In preparing the markers for the Data Store, we incorrectly assumed that the markers came from assembly 2 (Wm82.gnm2);
To fix the problem, find the marker sequences from assembly 1 and find their locations in assembly 2.
Flanking sequence around markers was extracted from Wm82.gnm1 using bedtools getfasta; then
that sequence was used to identify marker position in Wm82.gnm2

Also, the SLAF-Seq (aka SLAFSeq) markers have been used in at least two publications: Zhao_Teng_2017 and
Zhao_Han_2015 (doi: 10.1111/tpj.12810). Rename marker filenames to refer to the respective papers:
glyma.Wm82.gnm1.mrk.Zhao_Teng_2017.gff3 and glyma.Wm82.gnm1.mrk.Zhao_Han_2015.gff3


From the publication (Zhao et al. BMC Genomics (2017) 18:462 DOI 10.1186/s12864-017-3843-y ),
generate a GFF representing the 13 SLAFSeq markers reported in the paper:
 Gm07 rs35898587
 Gm07 rs36423980
 Gm08 rs7631207
 Gm08 rs7640250
 Gm08 rs7671170
 Gm08 rs7662003
 Gm08 rs7664479
 Gm08 rs7622492
 Gm08 rs7661660
 Gm08 rs16268025
 Gm14 rs3853672
 Gm15 rs38522986
 Gm18 rs46625879

From the GFF, derive the BED file.
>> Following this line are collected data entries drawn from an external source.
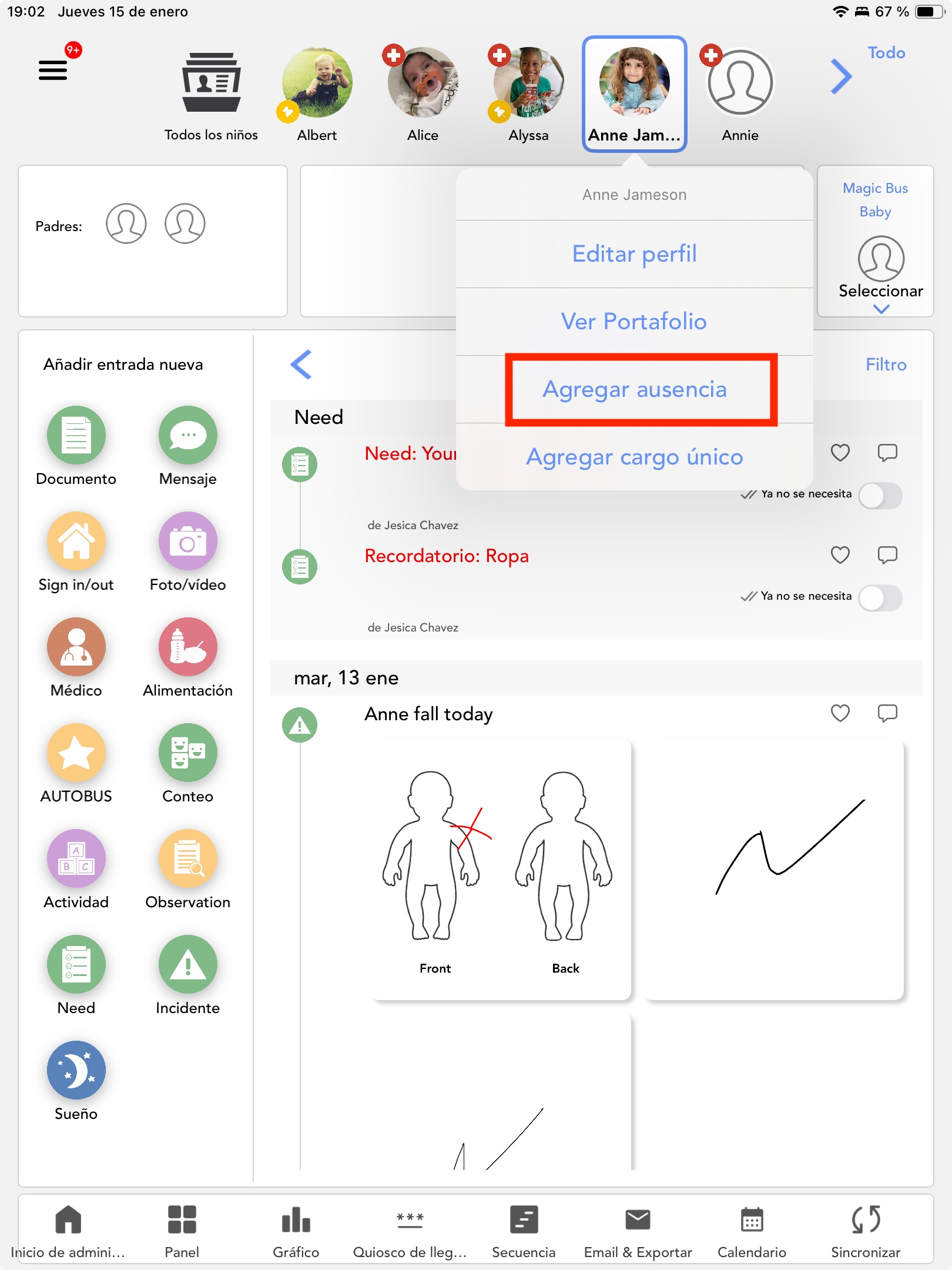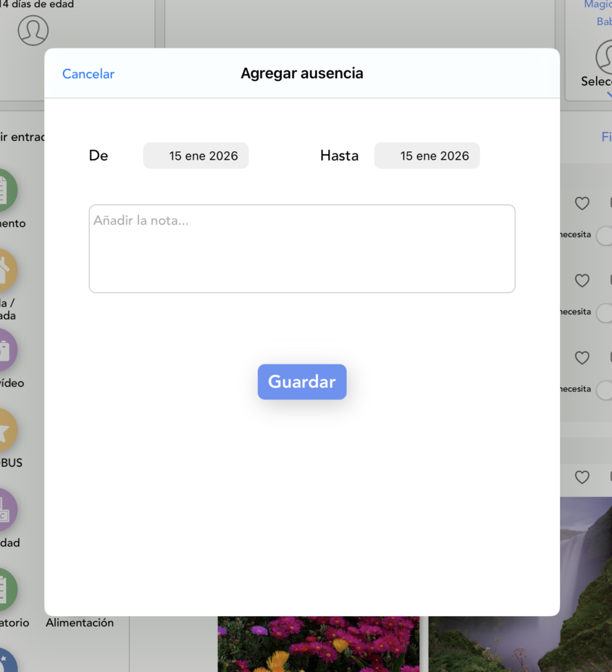 Toca la foto del niño en la parte superior de la pantalla y luego selecciona "Agregar Ausencia" para ingresar un nuevo período de ausencia.
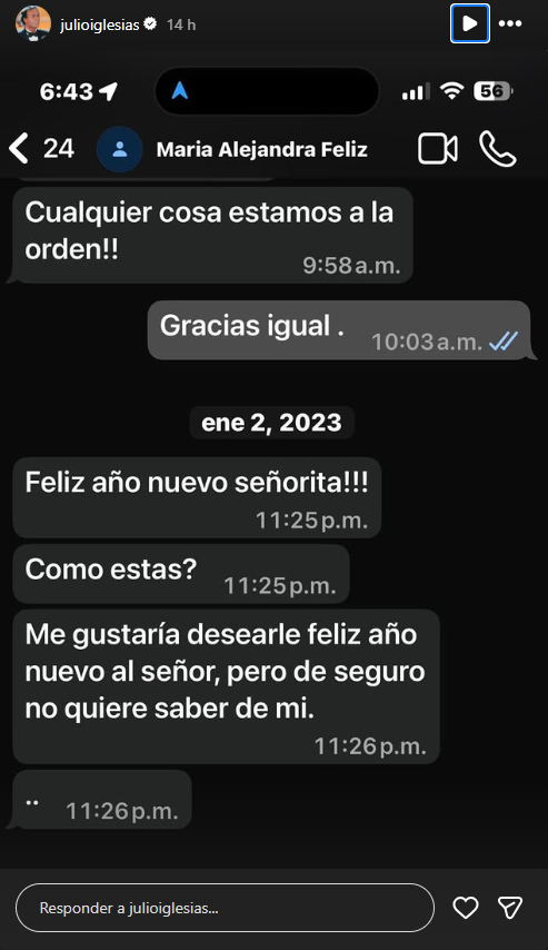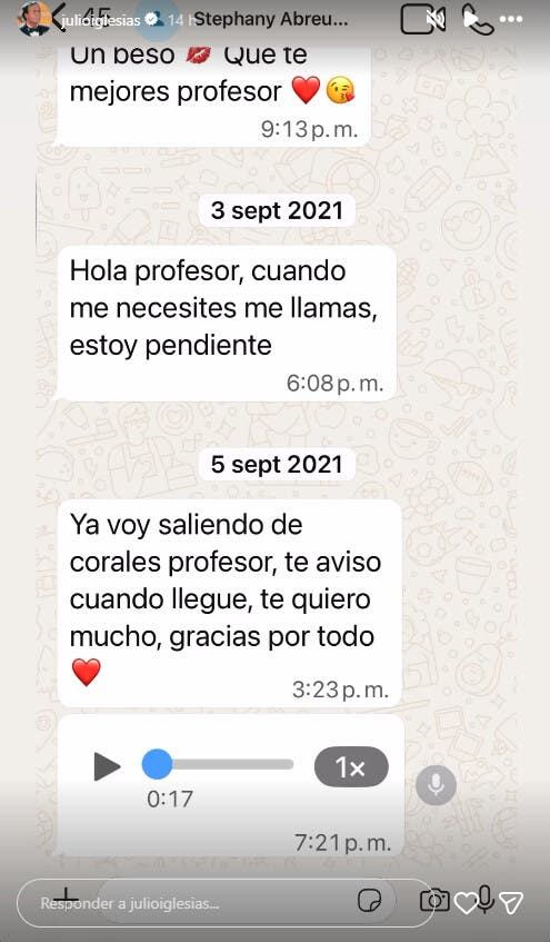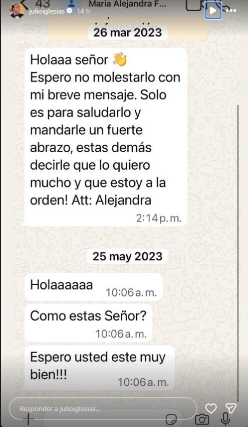 El cantante español Julio Iglesias ha publicado en su perfil de Instagram varios mensajes que supuestamente ha recibido desde WhatsApp de las trabajadoras que le han denunciado por agresión sexual con los que parece querer demostrar su inocencia.
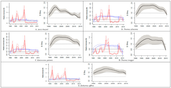 The estimated biomass of five tuna species for the Eastern Indian Ocean has been depicted in Figure 3. As shown in Figure 3A–E, all the fish stocks were subjected to continuous overfishing. Yellowfin tuna and skipjack tuna showed a similar pattern in their biomass estimation (Figure 3B,C). It is revealed that the actual relative biomass (B/BMSY) observed for yellowfin tuna was 0.82 and for skipjack tuna was 0.63. Similarly, longtail tuna and kawakawa (Figure 3D,E) had related patterns in biomass estimation with better relative biomass reaching up to 0.81–0.83, respectively (Table 5). Of all the stocks, frigate tuna (Figure 3A) had the least B/BMSY of 0.55 and was overfished, with a substantial decrease in the stock since 1995.

The GFF is in one-based coords and BED is zero-based coords.
Use bedops to do the right thing:
  conda create -n bedops
  conda install -n bedops -c conda-forge -c bioconda bedops
  conda activate bedops

  gff2bed < glyma.Wm82.gnm1.mrk.SLAFseq.gff3 > glyma.Wm82.gnm1.mrk.SLAFseq.bed
  cat glyma.Wm82.gnm1.mrk.SLAFseq.bed |
    awk -v OFS="\t" '{print $1, $2-1000, $3+1000, $10}' |
    perl -pe 's/ID=([^;]+);.+/$1/; s/glyma.Wm82.gnm1.rs/rs/' > glyma.Wm82.gnm1.mrk.SLAFseq_1kflank.bed

Activate bedtools and extract the sequences from gnm1
  conda activate bedtools

  bedtools getfasta -name -fi glyma.Wm82.gnm1.FCtY.genome_main.fna \
                    -bed glyma.Wm82.gnm1.mrk.SLAFseq_1kflank.bed \
                    -fo glyma.Wm82.gnm1.mrk.SLAFseq_1kflank.fna

Simplify the marker names, stripping out the coordinate information added by bedtools
  perl -pi -e 's/::\S+//' glyma.Wm82.gnm1.mrk.SLAFseq_1kflank.fna

Activate BLAST and search the genome sequence - first in Wm82.gnm1 to confirm sequence locations 
The locations should be same as BED.
  conda activate blast

  mkdir blastdb blastout

  makeblastdb -in glyma.Wm82.gnm1.FCtY.genome_main.fna \
              -dbtype nucl -hash_index -out blastdb/glyma.Wm82.gnm1

  blastn -db blastdb/glyma.Wm82.gnm1 \
         -query glyma.Wm82.gnm1.mrk.SLAFseq_1kflank.fna \
         -evalue 1e-10 -outfmt 6 -perc_identity 99 \
         -out blastout/glyma.Wm82.gnm1.mrk.SLAFseq.x.glyma.Wm82.gnm1.bln &

Confirm that the query sequences find the correct coordinates on Wm82.gnm1: 
  grep -v "^#" blastout/glyma.Wm82.gnm1.mrk.SLAFseq.x.glyma.Wm82.gnm1.bln | top_line.awk

Search glyma.Wm82.gnm2.DTC4
  makeblastdb -in glyma.Wm82.gnm2.DTC4.genome_main.fna \
              -dbtype nucl -hash_index -out blastdb/glyma.Wm82.gnm2
  blastn -db blastdb/glyma.Wm82.gnm2 \
         -query glyma.Wm82.gnm1.mrk.SLAFseq_1kflank.fna \
         -evalue 1e-10 -outfmt 6 -perc_identity 99 \
         -out blastout/glyma.Wm82.gnm1.mrk.SLAFseq.x.glyma.Wm82.gnm2.bln &

Find locations in Wm82.gnm2 and print the marker coordinates (at hit start position + 1000)
  cat blastout/glyma.Wm82.gnm1.mrk.SLAFseq.x.glyma.Wm82.gnm2.bln |
    awk -v OFS="\t" '$3>=99 && $4>=1900 && $11==0 {print $2, $9+1001, $9+1001, $1}' |
    cat > glyma.Wm82.gnm2.mrk.SLAFseq.bed

Reshape bed file into gff
  cat glyma.Wm82.gnm2.mrk.SLAFseq.bed |
    awk -v OFS="\t" '{print $1, "Zhao_Teng_2017", "genetic_marker", $2, $3, ".", ".", ".", "ID=" $1 "." $4 ";Name=" $4}' |
    cat > glyma.Wm82.gnm2.mrk.SLAFseq.gff3

RESULT: glyma.Wm82.gnm2.mrk.SLAFseq.gff3 contains the marker locations on Wm82.gnm2 .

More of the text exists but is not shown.